В отличие от графа Киносита, немногословного и всегда готового без оглядки, со всей энергией браться за выполнение очередной задачи, граф Фудзисава, дальновидный, хладнокровный, и пальцем не шевелил, если это не диктовалось точным расчетом и собственной выгодой. Глаза его видели слишком далеко, чтобы ринуться вперед очертя голову, кровь была слишком холодна, чтобы загореться волнением. Однако в тех пределах, когда это не вредило его интересам, он часто был не прочь прийти человеку на помощь (разумеется, если это не наносило ущерб его достоинству, вернее его самодовольству); он охотно отдавал дань уважения талантам, оказывал почести выдающимся людям. Тщеславие разыгрывает подчас причудливые спектакли! Впрочем, не только тщеславие – успех всегда придает уверенность в собственных силах, а самодовольство удивительно любит роль благодетеля. Даже ледяная вода, если ее скопится чересчур много, переливается через край.
Настало время, когда щедроты графа Фудзисава, естественно, изливались на ближних и дальних. Пожалование дворянских титулов Цутия, Оида и другим лидерам оппозиции, которого они удостоились несколько дней назад по представлению графа, тоже совершилось, так сказать, вследствие этой избыточной щедрости. Его появление в прошлом месяце на вечере, устроенном дамами в Ююкан'е, вместе с Хигаси – с этим старым упрямцем, которого граф знал в сущности очень мало и который так неожиданно явился в столицу из провинциальной глуши, – тоже было в конечном итоге следствием этой избыточной щедрости. Он как бы говорил этим поступком: если сможете – милости прошу, никому не запрещено попытаться стать Лю Вэнь-шу. Да, граф Фудзисава относится к той категории людей, которые превыше всего любят театральность. Его согласие выполнить просьбу графини Китагава, которая нежданно-негаданно дважды посетила его месяц назад, тоже объяснялось отчасти тем, что просительница застала графа в момент, когда у него было хорошее настроение. Впрочем, будь на его месте любой другой, он тоже не мог бы не посчитаться с дважды повторенной просьбой известной и уважаемой в обществе графики Китагава.

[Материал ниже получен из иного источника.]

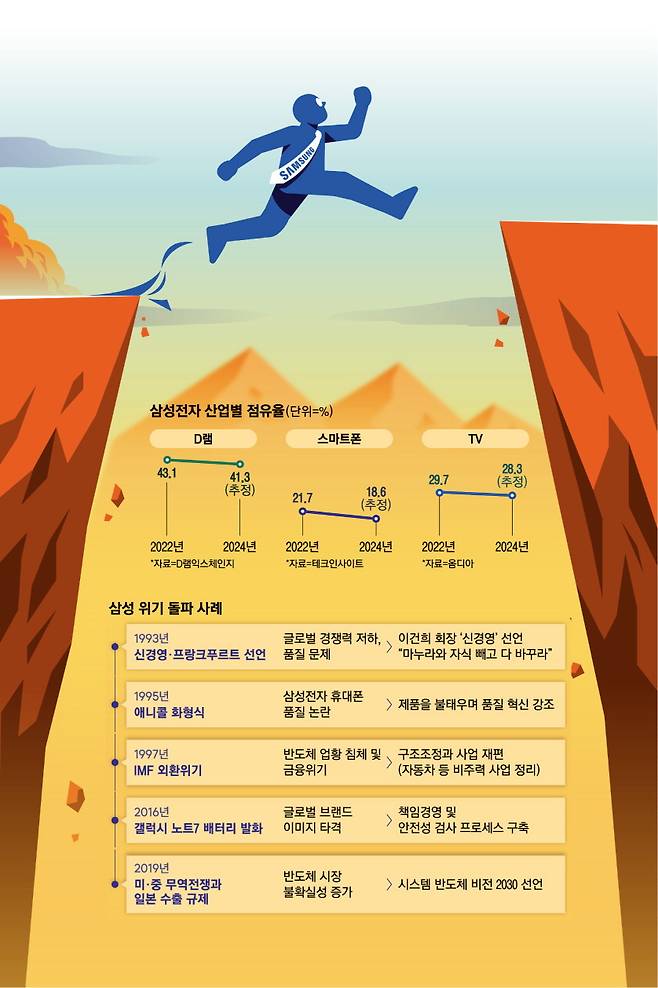 그만큼 위기 대응력이 그 어느 때보다 절실하다. 삼성전자가 공시한 사업보고서에 따르면 TV부터 스마트폰, D램, 스마트폰 패널, 차량용 디지털 콕핏까지 대부분 산업별 점유율에서 빨간불이 켜진 상태다. 예를 들어 TV는 1등이기는 하지만 중국의 저가 공세로 점유율이 2023년 30.1%에서 2024년 28.3%로 줄었다. D램 역시 2022년 43.1%에서 2024년 41.3%로 하락했다. 스마트폰 패널도 위협받고 있다. 2023년 50.1%에서 2024년 41.3%로 밀려났다.
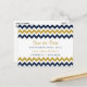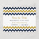 Simple mais élégante, la collection moderne chevron mariage est un design époustouflant avec un joli imprimé zig-zag bleu marine, or et blanc, parfait pour toute célébration mariage moderne. Ces cartes postales de date peuvent être personnalisées pour votre occasion spéciale et feraient les annonces parfaites pour votre mariage, douche nuptiale, fête de fiançailles, fête d'anniversaire et bien d'autres occasions spéciales. Ajoutez votre libellé personnalisé à cette conception à l'aide des cases "Modifier ce modèle de conception" situées à droite de l'élément, ou cliquez sur le bouton bleu "Customiser" pour arranger le texte, modifier les polices et les couleurs et ajouter des informations ou des images supplémentaires à cette conception.
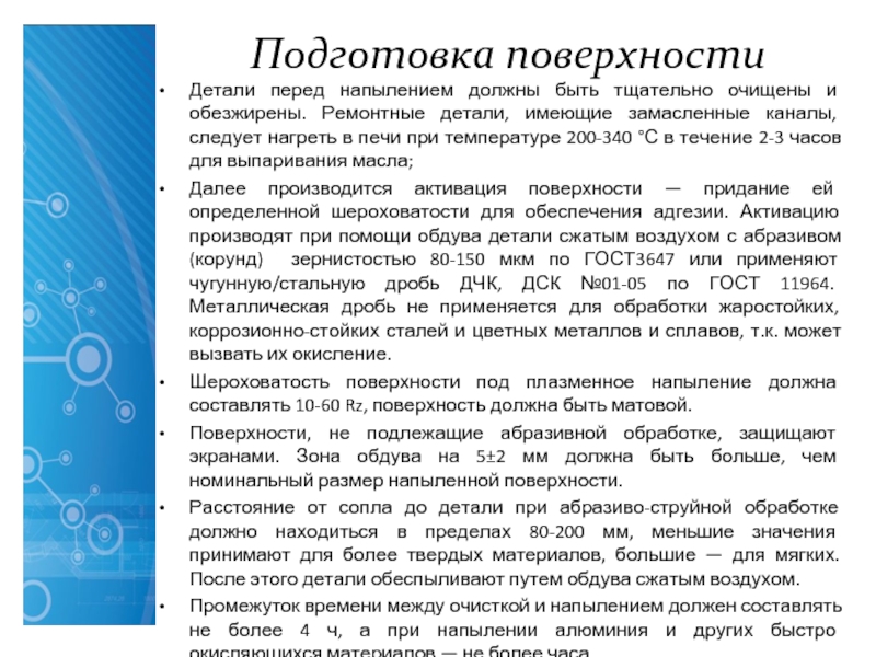 Шероховатость поверхности под плазменное напыление должна составлять 10-60 Rz, поверхность должна быть матовой.

Отношение к женщинам у графа Фудзисава полностью определялось взглядами, которых и в старые и в новые времена придерживалось и придерживается большинство японских мужчин независимо от их политических убеждений. В общем, суть этих взглядов сводится к тому, что женщина рассматривается как милое, глупое существо, специально созданное для утехи мужчин. Довольствоваться одной женой, как и одним мужем, – этого не требовали даже мудрецы Китая. Не говоря уже о Тайко, даже худосочные, нудные Токугава с охотой и удовольствием предавались любовным утехам. Деятели реставрации, учителя и наставники графа, тоже никогда не проповедовали строгой морали. Разве он, несущий бремя ответственности за всю Японию, не стоит какой-нибудь дюжины женщин? Допустим, он обольстил их. Но разве можно вменить ему это в вину? Надо полагать, он заслужил право позволить себе рассеяться, хотя бы изредка… Одним словом, совесть графа в отношении женщин была абсолютно спокойна. Пожалуй, спокойствие это было вполне естественным для человека, привыкшего развлекаться с женщинами, не имеющими своего «я», оно возникло как неизбежное следствие общения с этими живыми трупами. А вот душевная чистота и благородство графини Китагава явились для нее хорошей защитой. Граф согласился выполнить ее просьбу, принял ее брата, виконта Умэдзу, любезно с ним побеседовал, сказал, что так сразу добиться приказа о восстановлении дворянских привилегий, конечно, нельзя, но он, со своей стороны, постарается об этом похлопотать. Во всяком случае, заявил он, чтобы доказать свое раскаяние, виконту придется немножко потрудиться…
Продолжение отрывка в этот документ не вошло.